The formula representing gravitational force is pivotal in physics. This formula is:\[ F = \frac{G m_1 m_2}{r^2} \]Here,

• \( F \) is the gravitational force between two masses.
• \( G \) is the gravitational constant, a fixed value that keeps equations consistent.
• \( m_1 \) and \( m_2 \) are the masses of the objects involved.
• \( r \) represents the distance between the centers of these two masses.

This equation emphasizes the inverse square principle where the force is inversely proportional to the square of the distance between the objects. This means that as distance \( r \) increases, the gravitational force \( F \) decreases, and vice versa. Grasping this formula is crucial as it forms the basis for understanding gravitation in physics.

In algebra, isolating a variable means manipulating the equation until that variable is on its own on one side of it. Here's how you isolate \( m_1 \) in the gravitational force formula:First, we aim to clear any fractions. Multiplying both sides by \( r^2 \) helps remove this, giving:\[ F r^2 = G m_1 m_2 \]Now, \( G m_1 m_2 \) is isolated on one side of the equation without a denominator.Next, to further isolate \( m_1 \), divide both sides by \( G m_2 \):\[ m_1 = \frac{F r^2}{G m_2} \]This algebraic step ensures \( m_1 \) stands alone, expressed clearly in terms of the other variables. These techniques of shifting terms and dividing systematically are valuable for solving many algebraic equations.

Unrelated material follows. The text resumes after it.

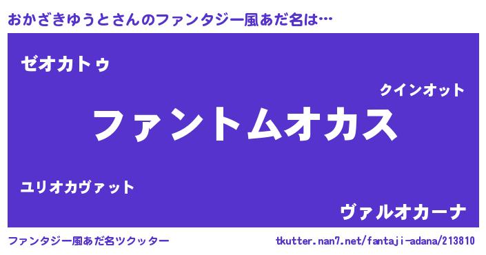 | 男性向けラノベタイトル風あだ名 | 『ダンジョンにおかざきゆうとを求めるのは間違っているだろうか』 |

Algebraic manipulation is a critical skill in mathematics, particularly in solving equations. It involves a series of operations such as addition, subtraction, multiplication, and division to rearrange or simplify equations. In the given problem, several manipulation strategies were used:

• Multiplying both sides of the equation by \( r^2 \): This was used to eliminate the fraction in the original formula. Fractions can complicate calculations, so removing them early simplifies the process.
• Dividing by \( Gm_2 \): This was necessary to complete the isolation of the variable \( m_1 \). By dividing, we effectively balance the equation to reveal the isolated variable on one side.

These algebraic techniques are combined to make the equation simpler and solve for the desired variable. Mastering these manipulations allows you to tackle various mathematical problems with confidence.